▸ Task item:
Please give the listing again in full, leaving out its images.

━━━━━ Given information ━━━━━

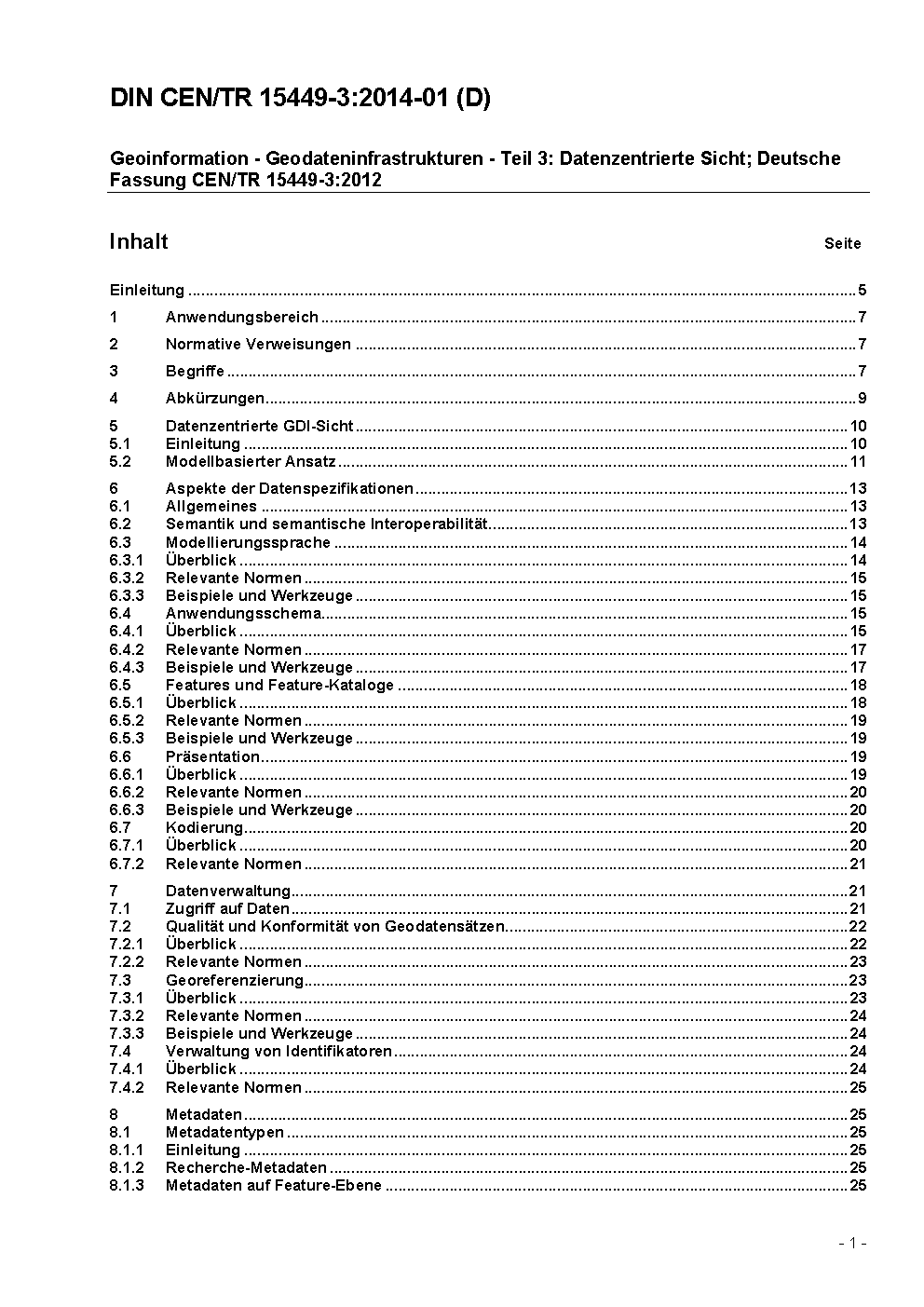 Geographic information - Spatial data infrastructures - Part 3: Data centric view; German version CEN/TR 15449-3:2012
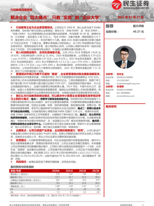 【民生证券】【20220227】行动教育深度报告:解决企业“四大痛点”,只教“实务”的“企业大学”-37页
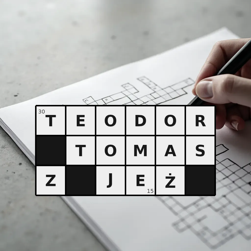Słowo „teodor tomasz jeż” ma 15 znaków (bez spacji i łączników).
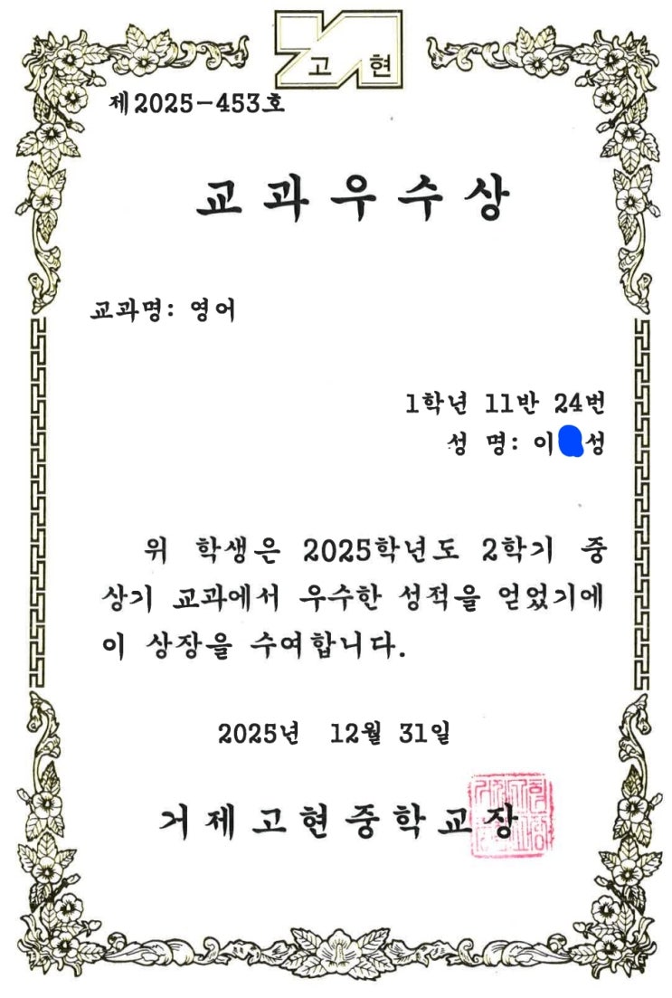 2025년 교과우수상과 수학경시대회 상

━━━━━

▸ Exercise answer:
 Geographic information - Spatial data infrastructures - Part 3: Data centric view; German version CEN/TR 15449-3:2012
 【民生证券】【20220227】行动教育深度报告:解决企业“四大痛点”,只教“实务”的“企业大学”-37页
Słowo „teodor tomasz jeż” ma 15 znaków (bez spacji i łączników).
 2025년 교과우수상과 수학경시대회 상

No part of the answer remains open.